SCARA joystick hardware and Spatial Target Task controls

The SCARA (Selective Compliance Articulated Robot Arm) joystick and rig was built as described previously⁴³. Animals were head-fixed in a custom-designed 3D printed cup (copyright IR CU21353), that we have previously shown allows increased workspace exploration compared to the standard tube. All animals used their right forelimb to interact with the SCARA joystick. A metal screw was placed horizontally to the left of the joystick to be used as arm rest for the left limb. The Spatial Target Task (STT) was controlled through a microcontroller board (Teensy 3.6, Arduino) and breakout board platform custom-built by the Advanced Instrumentation Platform at the Zuckerman Institute (TeenScience). The behavior task was written using the Arduino IDE. Briefly, the joystick was actively moved, or kept at the start position through a proportional integral derivative (PID) algorithm. The joystick position and all task events were recorded via serial output commands and recorded through Bonsai (OpenEphys).

Spatial Target Task design and training

Animals were food restricted and given an individualized amount of chow food after each training session to maintain their body weight at 80% of pre-training baseline. Each session lasted until a maximum number of rewards (5–7 μl drop of 7.5% sucrose in water) were achieved, or the maximum time had elapsed.

During the session, the animal could move the joystick out of the start position (0/65 mm from the motor axis, 1 mm radius) and explore the workspace without any force generated by the motors for 7.5 s per attempt in a self-paced uncued manner.

The training schedule was designed as described previously⁷⁵ and included 2 pre-training phases, and 2 blocks of target training. Briefly, pre-training consisted of 4 days of Phase 1, and 5 or more days of Phase 2. In Phase 1 of pre-training, each initial touching of the joystick was rewarded (with a delay of 500 msec on days 1 and 2 and 1000 msec on days 3 and 4). Rewards were also given at random intervals between 5 and 15 s for continuous touching of the joystick, until 100 rewards were achieved.
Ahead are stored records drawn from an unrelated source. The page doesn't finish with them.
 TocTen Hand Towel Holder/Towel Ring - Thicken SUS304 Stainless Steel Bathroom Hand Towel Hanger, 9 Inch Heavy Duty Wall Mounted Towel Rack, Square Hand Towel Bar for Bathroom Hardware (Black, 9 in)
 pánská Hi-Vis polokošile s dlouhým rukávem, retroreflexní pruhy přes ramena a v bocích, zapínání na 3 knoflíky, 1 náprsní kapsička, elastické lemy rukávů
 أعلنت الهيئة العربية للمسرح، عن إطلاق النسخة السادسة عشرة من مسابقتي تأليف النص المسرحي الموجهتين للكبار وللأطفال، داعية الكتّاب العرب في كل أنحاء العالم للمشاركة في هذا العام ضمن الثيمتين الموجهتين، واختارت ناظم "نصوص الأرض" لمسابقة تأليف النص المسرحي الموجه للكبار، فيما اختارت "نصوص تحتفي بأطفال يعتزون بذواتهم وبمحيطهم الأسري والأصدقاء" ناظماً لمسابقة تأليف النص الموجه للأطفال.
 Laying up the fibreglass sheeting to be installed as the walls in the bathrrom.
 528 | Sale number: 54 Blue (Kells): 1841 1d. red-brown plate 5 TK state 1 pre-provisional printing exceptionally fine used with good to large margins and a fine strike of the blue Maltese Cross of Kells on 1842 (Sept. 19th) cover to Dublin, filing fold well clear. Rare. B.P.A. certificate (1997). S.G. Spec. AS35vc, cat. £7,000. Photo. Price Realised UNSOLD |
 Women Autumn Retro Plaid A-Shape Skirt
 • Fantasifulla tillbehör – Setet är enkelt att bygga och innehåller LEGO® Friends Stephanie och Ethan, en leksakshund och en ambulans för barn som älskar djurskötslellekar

For both Phase 2 and the target training, animals needed to move the joystick out of the start position and explore the workspace to receive a reward. If the mouse let go of the joystick for >200 msec, the attempt ended, the motors engaged and moved the joystick back to start (miss). If the criteria for a reward was met, the reward was delivered through the solenoid and the motors engaged and moved the joystick back to the start after a 750 msec delay (hit). In Phase 2 a reward was given for moving the joystick in a forward direction of either a 40° or a 60° segment. Using the rewarded forward trajectories on the last day of Phase 2, 2 target locations were defined for each animal (Fig. S1b). The mean initial direction of all rewarded trajectories was calculated and a target center defined 40° to the left and right of the mean direction at 7.5 mm distance from the start position with a target radius of 3 mm for imaging animals, and 8 mm distance from the start position with target radius of 2.75 mm for lesion animals (Fig. S1a).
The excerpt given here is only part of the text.